El Leicester ganó una liga con Danny Simpson de lateral derecho. Portugal conquistó su única Eurocopa con un golazo de Éder. El Langui tiene un Goya y Ronaldo Nazario, pese a su afición a las shemales, lleva cinco años seguidos con novia y vive tranquilamente en Valladolid. Lo azaroso, lo inesperado, nos mantiene con vida. Nos saca una sonrisa. Hace justo un año fui a visitar a un amigo a un pueblo perdido del Bierzo. Mi primera noche allí coincidió con el cierre de las fiestas locales, cuando a las mil de la madrugada ocurrió algo mágico: nos encontramos en la discoteca a Dinio, le pedimos una foto, alguien se rió de él, no se lo tomó muy bien y fue a por una pistola al maletero de su coche. Una maravillosa historia, un capricho de la fortuna.

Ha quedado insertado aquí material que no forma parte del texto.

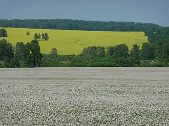 Поле цветущей гречихи (на переднем плане) в Новосибирской области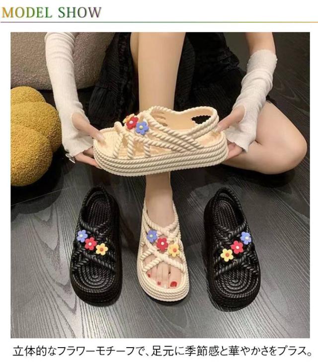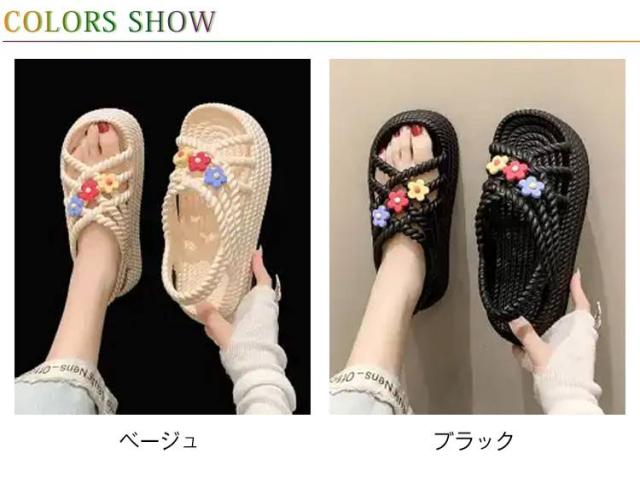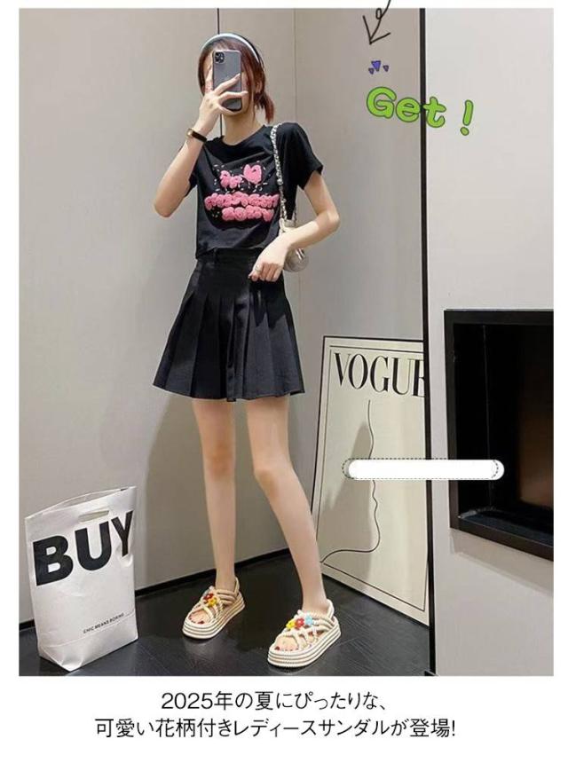 | 2025年の夏にぴったりな、可愛い花柄付きレディースサンダルが登場! 立体的なフラワーモチーフで、足元に季節感と華やかさをプラス。 柔らかくて厚みのあるソールは足への負担を軽減し、長時間の使用でも疲れにくい設計です。 防滑仕様のアウトソールで濡れた路面でも安心♪ 軽くて持ち運びにも便利なので、ビーチ・旅行・ちょっとしたお出かけにもおすすめの一足です。 | |

Una máxima para intentar vivir medio contento es no hacerse ilusiones con casi nada; dejarle la puerta abierta a la sorpresa, a la reivindicación. No hay nada peor que generar expectativas porque pocas veces llegamos a cumplirlas. Jesé dijo que iba a ganar un balón de oro. Mi tío, junto a un colega con el que compartía piso, acertó 15 en la quiniela. Inmediatamente después, llamaron a su casero para decirle a aquel tacaño que se cagaban en su puta madre, que eran ricos, que se iban del piso y que se jodiera. Por lo que sea, ese fin de semana más gente de la cuenta acertó el pleno al 15, el premio se repartió entre muchos y los chavales solo recibieron unos cientos de euros. Pese a las malditas expectativas, mi tío ni se hizo rico ni dejó el apartamento. Jesé está a punto de debutar en Segunda División.

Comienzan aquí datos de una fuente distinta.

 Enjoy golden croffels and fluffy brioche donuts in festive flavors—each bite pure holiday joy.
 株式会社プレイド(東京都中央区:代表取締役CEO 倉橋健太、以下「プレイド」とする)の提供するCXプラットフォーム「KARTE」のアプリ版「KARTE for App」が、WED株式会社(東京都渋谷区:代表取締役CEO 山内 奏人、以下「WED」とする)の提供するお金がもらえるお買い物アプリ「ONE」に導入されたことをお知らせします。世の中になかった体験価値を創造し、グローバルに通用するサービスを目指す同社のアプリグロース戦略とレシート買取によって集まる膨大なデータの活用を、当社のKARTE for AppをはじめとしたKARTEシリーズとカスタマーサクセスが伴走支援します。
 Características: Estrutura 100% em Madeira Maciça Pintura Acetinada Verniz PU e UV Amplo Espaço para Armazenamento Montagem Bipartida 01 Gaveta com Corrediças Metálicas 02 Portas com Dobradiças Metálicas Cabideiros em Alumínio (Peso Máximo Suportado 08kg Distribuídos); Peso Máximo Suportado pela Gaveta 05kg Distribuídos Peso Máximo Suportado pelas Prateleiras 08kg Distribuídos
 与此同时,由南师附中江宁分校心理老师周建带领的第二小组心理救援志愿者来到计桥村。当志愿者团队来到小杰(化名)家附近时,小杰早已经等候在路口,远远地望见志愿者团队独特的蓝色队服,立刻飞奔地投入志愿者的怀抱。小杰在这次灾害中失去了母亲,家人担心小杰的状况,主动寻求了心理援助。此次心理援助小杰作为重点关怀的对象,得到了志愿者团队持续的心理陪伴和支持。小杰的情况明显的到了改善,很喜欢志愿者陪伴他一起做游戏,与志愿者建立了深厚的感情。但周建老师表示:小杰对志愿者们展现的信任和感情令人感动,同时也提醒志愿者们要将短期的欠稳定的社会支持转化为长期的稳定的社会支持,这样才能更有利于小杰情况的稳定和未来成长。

Algo parecido le ha sucedido a Nueva orden, la recientemente premiada con el Leoncino de Oro en Venecia. Tras recibir el galardón y ser denominada por la crítica como «la Parásitos del año» han llegado las decepciones. La película de Michel Franco, acusada de criminalizar a la población indígena, ha sido víctima de la nueva cultura de la cancelación en su Méjico natal. Es más, para decepción de su director, Nueva orden no representará a su país en los Óscar.

Tras un comienzo prometedor representado mediante una boda de la alta burguesía mejicana –gente blanca, trajes caros, niños pijos, MDMA y besos retorcidos–, que por su ritmo recordaba a Relatos salvajes, el largometraje vira hacia una violencia desmedida, casi hanekiana, que supera el umbral de la sorpresa y te deja indiferente frente a los disparos en la cabeza. En definitiva, otra rebelión del vulgo contra los poderosos, otra vacía vuelta de hoja a la idea orwelliana denotada en Rebelión en la granja. Nada nuevo, lo mismo de siempre: gatillo fácil, torturas, lamentos, policías corruptos y demasiados cadáveres.